WASHINGTON – Threats to Defense Department personnel and facilities increasingly are coming from trusted insiders, and to defeat them the Pentagon must beef up security from within, according to several reviews triggered by last year's Washington Navy Yard killings.
The reviews said the shooting by a Navy contractor could have been prevented if the company that employed Aaron Alexis had told the Navy about problems it was having with him in the months before he shot 12 civilian workers.
An independent study and an internal review ordered after the September 2013 massacre and released Tuesday said the Pentagon must expand its focus beyond defending against external threats. More attention must be paid, they concluded, to defending against threats from inside the workforce.
"For decades, the department has approached security from a perimeter perspective," said Paul Stockton, former Pentagon assistant secretary and one of the authors of the independent review. "That approach is outmoded, it's broken, and the department needs to replace it."
Navy never notified
According to the Navy probe, the Fort Lauderdale, Fla.-based company, The Experts, pulled Alexis' access to classified material because of concerns he was having mental health problems.

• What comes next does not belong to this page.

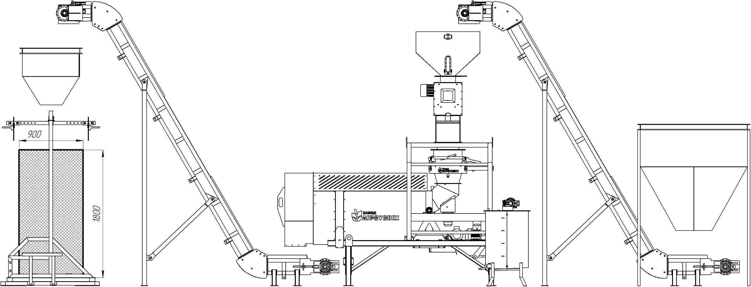 — Возможна установка полностью линии протравки под ключ — Приемный бункер — Ленточный транспортер — Затаривание в мешок или Биг-Бэг.

It then restored his access two days later and never told the Navy about it.
Alexis, a former Navy reservist, was shot to death during the incident.
The department reviews said the Pentagon should cut the number of workers who hold security clearances, conduct better and routinely update background checks, and establish a system to evaluate and handle employees who are potential threats.
The Navy investigation's most damning charges were against Alexis' employers.